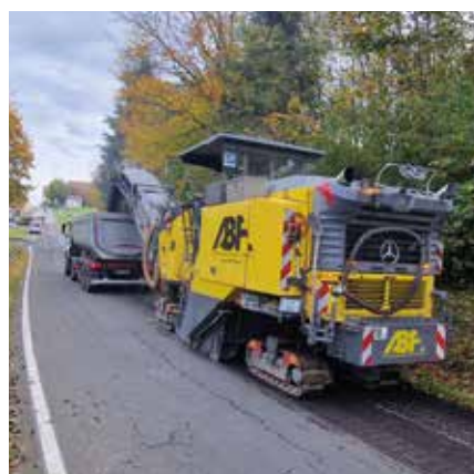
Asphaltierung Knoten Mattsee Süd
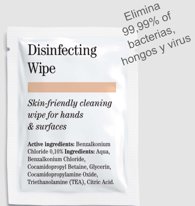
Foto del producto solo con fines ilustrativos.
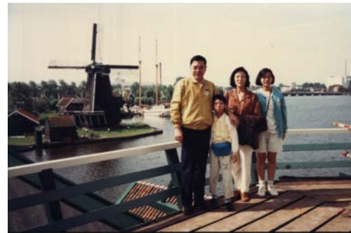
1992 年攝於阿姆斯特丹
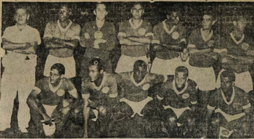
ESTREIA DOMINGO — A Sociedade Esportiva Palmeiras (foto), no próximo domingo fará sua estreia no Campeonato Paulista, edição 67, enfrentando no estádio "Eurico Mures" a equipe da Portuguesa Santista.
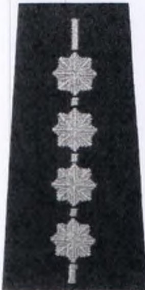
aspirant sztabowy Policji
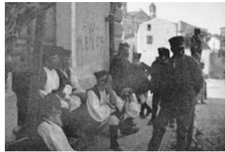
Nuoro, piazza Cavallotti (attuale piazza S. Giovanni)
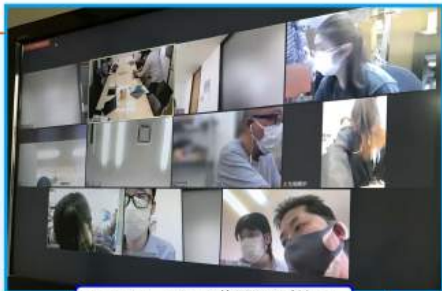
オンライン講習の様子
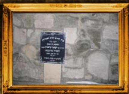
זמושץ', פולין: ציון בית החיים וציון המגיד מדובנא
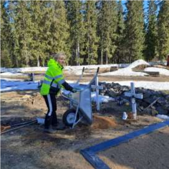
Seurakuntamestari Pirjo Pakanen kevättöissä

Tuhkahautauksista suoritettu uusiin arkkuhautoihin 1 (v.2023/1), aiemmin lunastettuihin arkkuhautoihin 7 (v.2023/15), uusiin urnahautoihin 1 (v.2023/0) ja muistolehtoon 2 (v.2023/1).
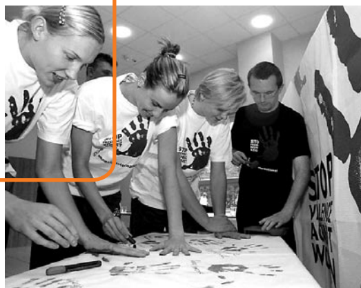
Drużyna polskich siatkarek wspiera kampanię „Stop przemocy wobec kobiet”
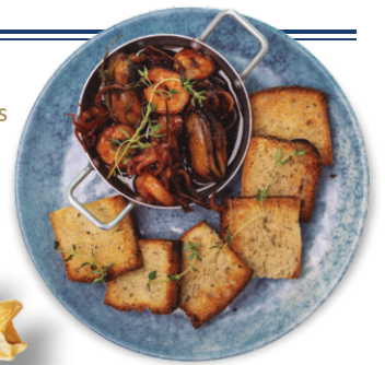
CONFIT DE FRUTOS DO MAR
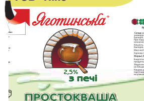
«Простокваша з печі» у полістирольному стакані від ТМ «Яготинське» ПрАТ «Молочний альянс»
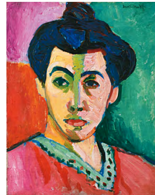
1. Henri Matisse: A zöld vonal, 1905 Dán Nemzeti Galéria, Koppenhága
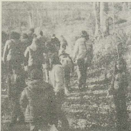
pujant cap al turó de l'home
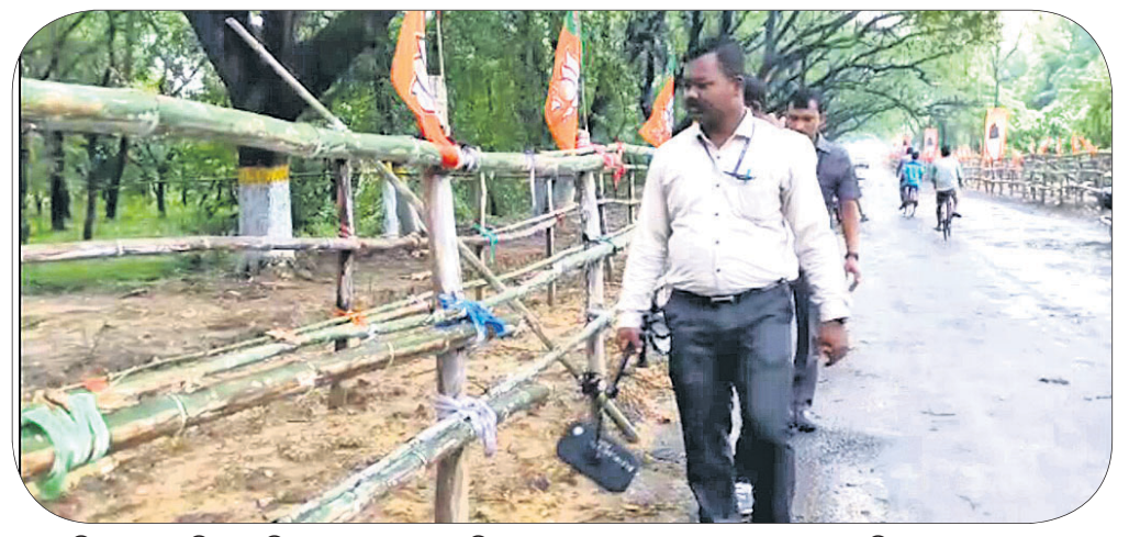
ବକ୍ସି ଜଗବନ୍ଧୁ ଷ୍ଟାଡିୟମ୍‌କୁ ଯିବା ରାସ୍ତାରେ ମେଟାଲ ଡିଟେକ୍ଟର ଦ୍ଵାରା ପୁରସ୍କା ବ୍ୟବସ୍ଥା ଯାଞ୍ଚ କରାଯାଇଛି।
_____
TASK STATEMENT: Write out all the records again, exactly, minus any pictures.

WORKED SOLUTION:
Asphaltierung Knoten Mattsee Süd
Foto del producto solo con fines ilustrativos.
1992 年攝於阿姆斯特丹
ESTREIA DOMINGO — A Sociedade Esportiva Palmeiras (foto), no próximo domingo fará sua estreia no Campeonato Paulista, edição 67, enfrentando no estádio "Eurico Mures" a equipe da Portuguesa Santista.
aspirant sztabowy Policji
Nuoro, piazza Cavallotti (attuale piazza S. Giovanni)
オンライン講習の様子
זמושץ', פולין: ציון בית החיים וציון המגיד מדובנא
Seurakuntamestari Pirjo Pakanen kevättöissä

Tuhkahautauksista suoritettu uusiin arkkuhautoihin 1 (v.2023/1), aiemmin lunastettuihin arkkuhautoihin 7 (v.2023/15), uusiin urnahautoihin 1 (v.2023/0) ja muistolehtoon 2 (v.2023/1).
Drużyna polskich siatkarek wspiera kampanię „Stop przemocy wobec kobiet”
CONFIT DE FRUTOS DO MAR
«Простокваша з печі» у полістирольному стакані від ТМ «Яготинське» ПрАТ «Молочний альянс»
1. Henri Matisse: A zöld vonal, 1905 Dán Nemzeti Galéria, Koppenhága
pujant cap al turó de l'home
ବକ୍ସି ଜଗବନ୍ଧୁ ଷ୍ଟାଡିୟମ୍‌କୁ ଯିବା ରାସ୍ତାରେ ମେଟାଲ ଡିଟେକ୍ଟର ଦ୍ଵାରା ପୁରସ୍କା ବ୍ୟବସ୍ଥା ଯାଞ୍ଚ କରାଯାଇଛି।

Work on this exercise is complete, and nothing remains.